The Mind-Body Split in Kibong Rhee’s Paintings

Hyperallergic

In August of 2022, I spent an afternoon in Kibong Rhee’s studio in Gwangju, South Korea, about an hour north of Seoul. Ever since that day, I have been thinking about how Rhee’s spatially indeterminate paintings of watery, mist-enshrouded landscapes open up a conceptual framework that I had yet to wrap my head around. One way to understand Rhee’s art is to see how it connects to the writings of philosopher Ludwig Wittgenstein, and the question of how we know what we know. Wittgenstein was a touchstone during my conversation with the artist, and a number of his paintings contain quotes by the philosopher in English and Korean. When I left the studio, I knew that I had to see Rhee’s work again because I was sure that I was missing something. Even though I had spent a long time looking at the pieces, they were conceptually complete in ways I was not quite grasping. 

 

There is no place at Tina Kim Gallery is the artist’s first exhibition at this gallery, and his first in the United States since 2011. Along with 10 paintings, the show includes an installation, “Mistygraphy–Cut Section” (2024), composed of two abutted horizontal sheets of glass supported by a steel structure. Behind the glass, which is a considerable distance from the wall, Rhee has applied black latex to the walls, its size and shape echoing the glass, and spanning nearly the entire wall of one of the two gallery spaces. The glass is transparent enough to see through, while at the same revealing ethereal reflections of the viewer and the entire room. The partially reflected images complicate perception, resulting in a disorienting effect. What does it mean to see through a semi-transparent plane to a black wall or dead end, while catching a glimpse of yourself looking? 

 

When I asked Rhee about “Mistygraphy–Cut Section,” he answered gnomically that one’s eyes are either closed or open, asleep or awake. When he closes his eyes, he sees only darkness, which he associates with the darkness of an expanding, limitless universe. When he opens his eyes, he sees reality, in which he is partially reflected. 

 

Like the installation, the paintings consist of two layers with a space between them.
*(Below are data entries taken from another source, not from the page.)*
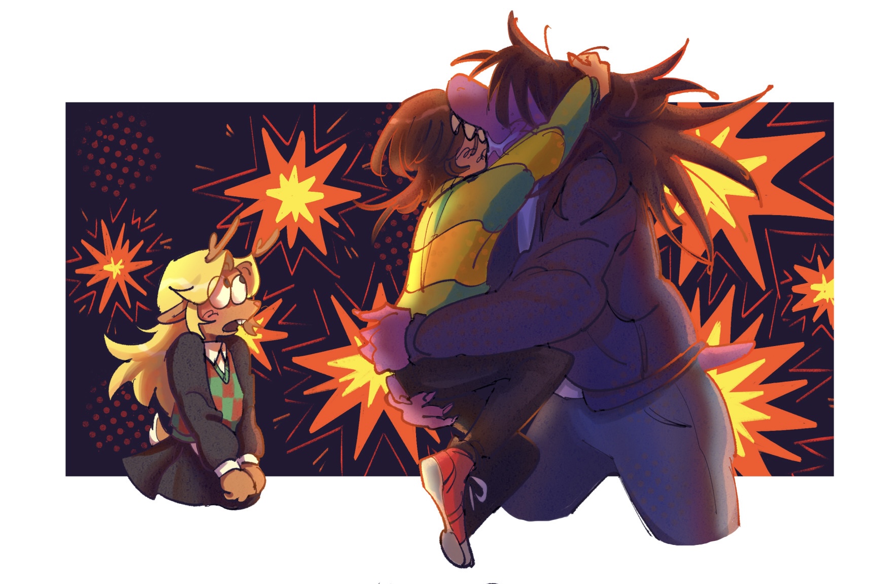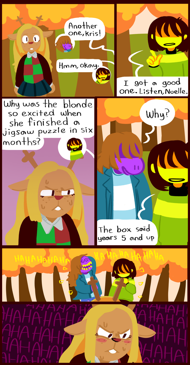 >>727637629I can't wait for chapter 5. I cannot imagine Susie would ever pick Noelle over Kris but Toby might force some bullshit where you need to go to Ralsei with Kris and Susie stays on the festival with Noelle, and the horny deer will try to cuck you. If she leads to Susie accepting confessions it will be over for Krusie for rest of the chapters
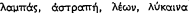 . 11. Δύο λαγίνια. 12.  . 13. Καποῦλα (=Catula? ) τοῦ Λέοντος. 14. Στάχυς. 15. ⟨Velamen?⟩. 16.
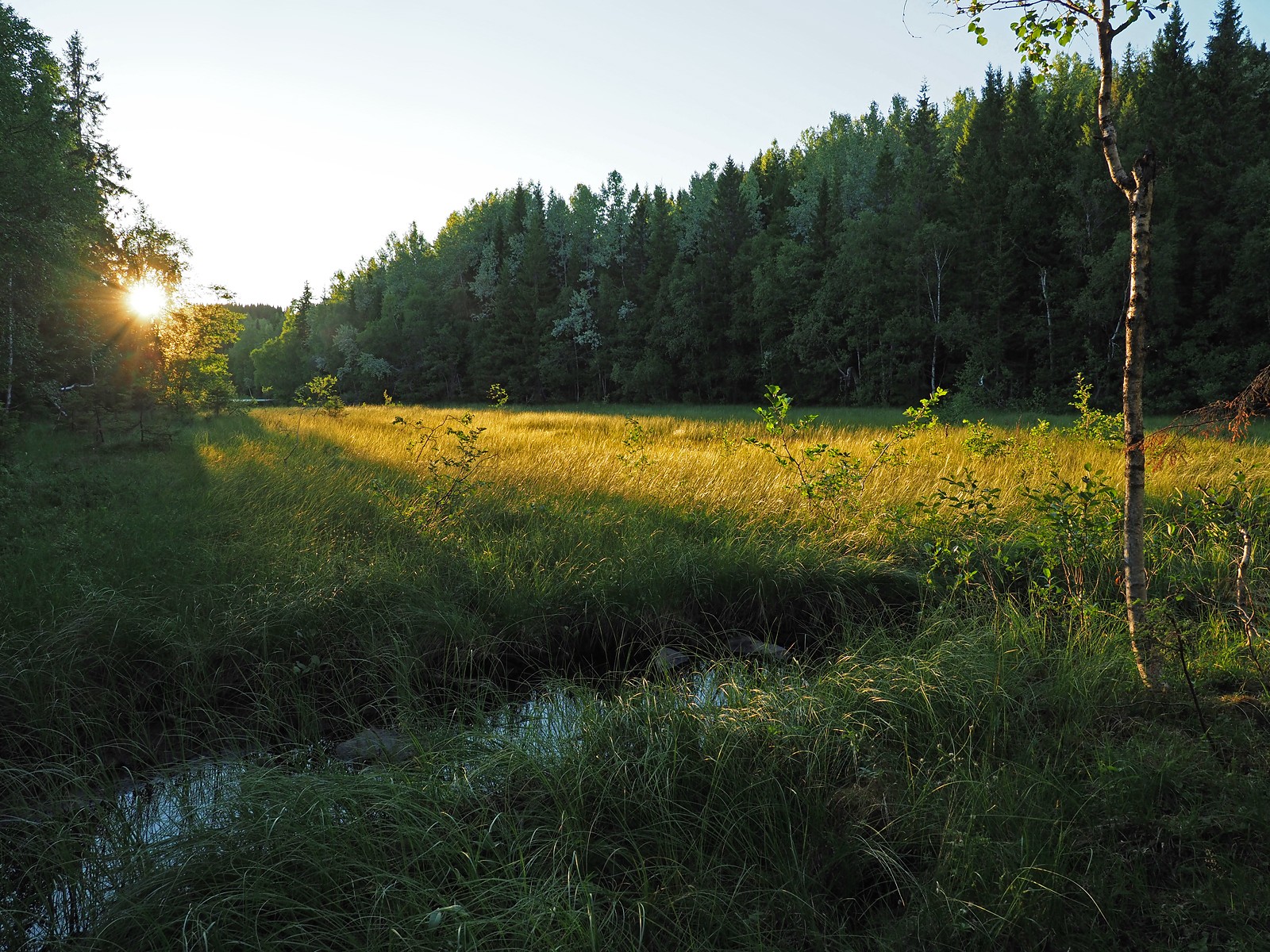 FLYTETORV: Svartvann er Urselvas hovedkilde og utspring. Hele vika øst i vannet er dekket av flytetorv uten noe tydelig elveleie, men i skogkanten åpner det seg nærmest en kanal i torva. Den fortsetter i ei grunn renne i skogbunnen uten spor etter noen form for demning som kunne regulert vannføringen i elva.
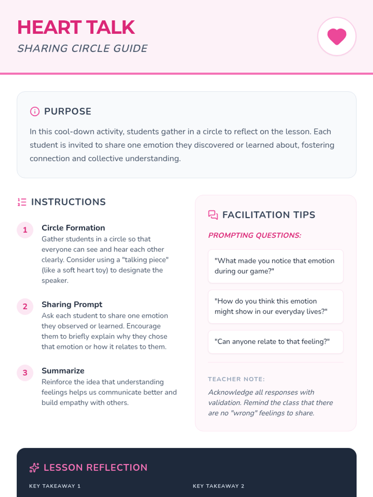 A 30-minute professional development session for preschool and K-8 staff focusing on restorative circles, affective statements, and re-entry reflection tools.
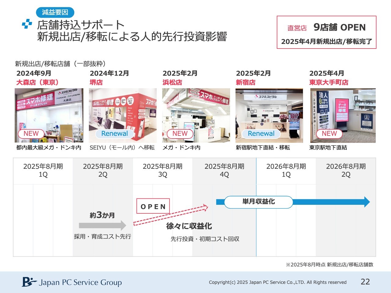 現在、店舗の新規出店はすべて完了しており、この進行期では新規出店や移転については収益化の段階に入っています。そのため、今後この影響はないと考えています。
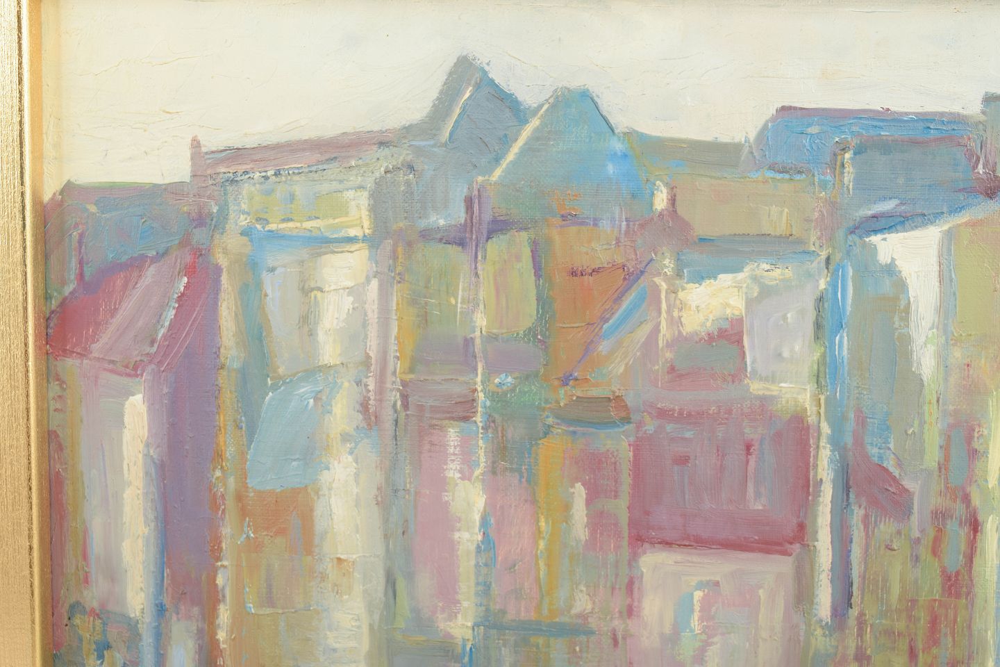 Dansk modernistisk maleri fra 1960’erne og 70’erne var ofte præget af stiliserede by- og landskabsmotiver, hvor perspektiv og arkitektur blev forenklet til flader og rytmiske former. Farvefelter og lysvirkning anvendes til at skabe stemning frem for naturalistisk gengivelse, hvilket giver værkerne et poetisk og tidstypisk udtryk.
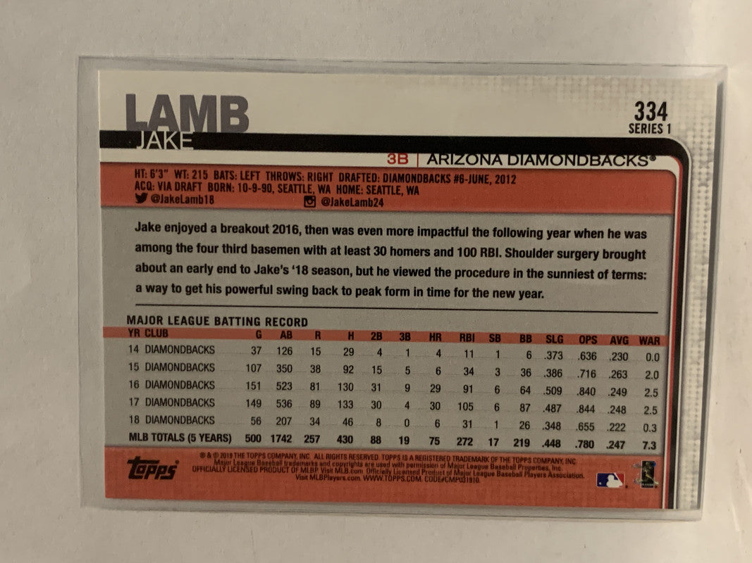 #334 Jake Lamb Arizona Diamondbacks 2019 Topps Series One Baseball Card
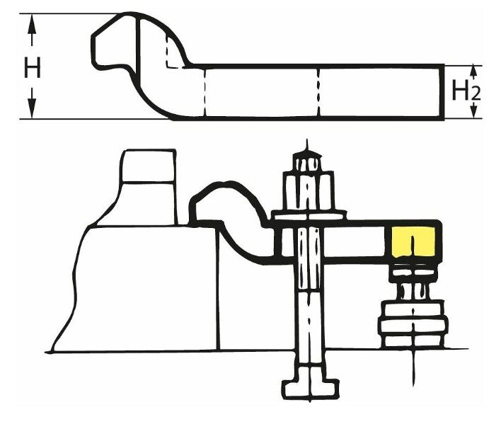 Zalomená upínka vyrobená ze zušlechtěné oceli s lakovaným povrchem. Technická specifikace: Norma: DIN6316 B1: 26 L: 200 Pro upínací šroub: M24 A: 35 B2: 70 B3: 35 C: 25 E1: 72 E2: 60 H: 32 Váha: 3315g … Více

The surface layer is a porous polyester fiber; beneath it is a piece of canvas that fits exactly within a shallow box. Using a limited palette of different grays, Rhee paints on the canvas and polyester fiber. I see this combination as alluding to both Western oil painting and Asian ink painting; the latter is done on paper and occasionally silk and cannot be scraped down or altered. In Rhee’s work, each medium influences how the other is seen. Together, they make a hybrid object that goes beyond their individual elements. 

 

Rhee’s misty landscapes are based on both memory and imagination. They pull us into a world that does not exist, which helps explain the exhibition’s title, There is no place. Although they are hyperreal, the view changes radically as we get closer to the surface. From a distance, the painting looks almost like a photograph, but the image is spatially dimensional rather than flat. It is as if we could be swallowed up by the mist. Neither conventional painting nor photography can achieve this effect, which makes a fresh visual experience. Like filmic images of a foggy three-dimensional world in which, paradoxically, time passes and nothing changes, the tension seems more than just formal. 

 

The delicate abstract lines, marks, and drips of Rhee’s paintings are enhanced by his attention to shifts in tone and hue. Visually, they define an impossible space that is simultaneously photographic and painterly. All of this changes when we get close to the surface and recognize that the field of abstract liquid lines and drips do not seem connected to the pictorial images that we see from afar, and the space between the layers offers no clue as to how Rhee achieves his optical effects. This fissure between seeing and knowing is what links him to Wittgenstein, as both are interested in the slippery relationship between perception and articulation. 

 

I think the gap between different states of consciousness is Rhee’s primary subject. He creates these apertures by making a two-layer painting, which changes from a pictorial presentation of a lush, dreamy world to a tangled web of different viscosities when we approach its surface. I cannot think of another artist who has been able to achieve such a radical division in their work. Surprisingly, he uses a wide housepainter’s brush to get a network of delicate lines. 

 

“Differences – The Imprinted” (2024) is a barely legible black square painting whose geometric format brings to this viewer’s mind the work of Ad Reinhardt. This is the most elusive painting in an exhibition of tantalizing views. I kept alternating between looking at the painting as a whole and trying in vain to see through the porous surface to discern the imagery on the canvas layer. After doing this a number of times, I saw different clusters of words along the top of the painting. Reading them proved impossible, which did not bother me. 

 

When I began thinking about Rhee’s painting, I thought of Georges Seurat and his pointillist dots. We can move smoothly from the dot to an optical image. In Rhee’s “Mistygraphy” (2023), a disruption opens up, conveying the gap between seeing and naming. This is the gap that Wittgenstein pondered throughout his life without reaching a satisfying conclusion. Like Wittgenstein, Rhee’s paintings are powerful evocations of the mind-body split, and how language is unable to grasp the elusiveness of the senses. His innovative, challenging work should be internationally known.